Why should I take MICROgenics® Chewable C 500mg?

  • Immune health
  • Colds and upper respiratory tract infections
  • Connective tissue health

Product Benefits:

MICROgenics® Chewable C 500mg helps maintain immune function and can help reduce the severity and duration of colds. It provides symptomatic relief of upper respiratory tract infections, rhinitis and allergies. Vitamin C has antioxidant properties that minimise the risk of free radical damage and it maintains healthy connective tissue, assisting wound healing and tissue repair. Vitamin C supplementation may be important for people who do not have an adequate intake of fresh fruit and vegetables and those who eat mainly cooked or processed food.


Product Features:

  • delicious-tasting chewable form of vitamin C with a natural orange flavour.
  • easy-to-take at any time and suitable for the whole family.
  • Vitamin C has potent antioxidant activity, boosts immunity, and keeps connective tissue strong and healthy.
  • Vitamin C is especially important during the cold and ‘flu season as it may help reduce the duration and severity of colds and upper respiratory tract infections.
  • Vitamin C helps to maintain healthy skin, gums, blood vessel walls, ligaments, tendons, bones, spinal discs and joint cartilage, and assists tissue repair after injury.

Dosage:

Chew one tablet daily or as directed by your healthcare professional. To help relieve allergy, rhinitis or cold symptoms, chew 2-4 tablets daily.


No added:

Yeast, lactose, sugar, artificial flavours or preservatives, dairy products or animal-based products.


Ingredients (per tablet):

Ascorbic acid (vitamin C) 265mg
Sodium ascorbate 267mg
equiv. ascorbic acid (vitamin C) 235mg
Total ascorbic acid (vitamin C) 500mg

Size:

100 Tablets

Vitamin C functions

As an electron donor, vitamin C acts as a cofactor for enzymes involved in collagen, carnitine and noradrenaline formation, and the metabolism of tyrosine and peptide hormones.1 Vitamin C is also a powerful water-soluble antioxidant that protects low-density lipoproteins from oxidation, reduces harmful oxidants in the stomach, and promotes iron absorption.


Vitamin C deficiency

Humans are one of the few mammal species that cannot synthesise vitamin C and there is no significant body storage. Vitamin C deficiency appears after about one month on a vitamin C-free diet.
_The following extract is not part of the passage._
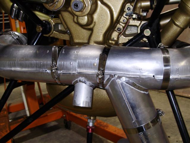 I had to purchase a heatmuff from Univair (very pricey) as my exhaust system did not have one. The new heatmuff was nicely built, but was put together with #4 PK screws and Tinnerman plates. Interestingly, the heads were down, the Type-A screws were sharp, and it looked impossible to be able to repetively take this apart foir inspection in a reasonable fashion. Here are some photos of Mark's solution to split the muff, make sleeve and flange fitting tabs, and the reinstallation with SS hoseclamps. Anyone made one of these in a resonable fashion? Doc

The earliest effects of a vitamin C deficiency are weakness, depression and lethargy. Collagen formation becomes defective, leading to weakened blood vessels walls and capillary fragility, which may appear as spots of bleeding under the skin, swollen or bleeding gums, nose bleeds, painful joints, and easy bruising. Lowered immunity and anaemia are commonly associated with vitamin C deficiency.


Vitamin C boosts immunity

Vitamin C supplementation can boost immune cell activity, lymphocyte proliferation, chemotaxis, and delayed-type hypersensitivity, and protects white blood cells and tissues from reactive oxygen species generated by immune and inflammatory responses.2

A meta-analysis of 29 controlled trials that used a minimum of 200 mg of vitamin C daily for colds found that it did not affect the incidence but did cause a small reduction in the duration and severity of colds.3 However, in a subgroup of six studies in which subjects were under intense physical stress from exercise training in cold weather, subjects taking vitamin C had a 50% reduction in incidence of colds.4

Some of the vitamin C studies that showed little or no effect used only 200 mg a day, a dose that vitamin C advocates consider to be too low to be effective.5 They claim that vitamin C is used up rapidly in infections and large, divided doses of vitamin C maintained over several days are more effective. In the meta-analysis of 29 trials reported above, one trial using a one-off dose of 8 g of vitamin C at the onset of symptoms was more effective for symptom relief than trials using lower doses. In a two-year controlled trial, subjects who developed colds or flu were given 1 g of vitamin C every hour for the first six hours and then 1 g three times a day until symptoms improved.6 Vitamin C used in this way decreased cold and flu symptoms by 85% compared to the control group.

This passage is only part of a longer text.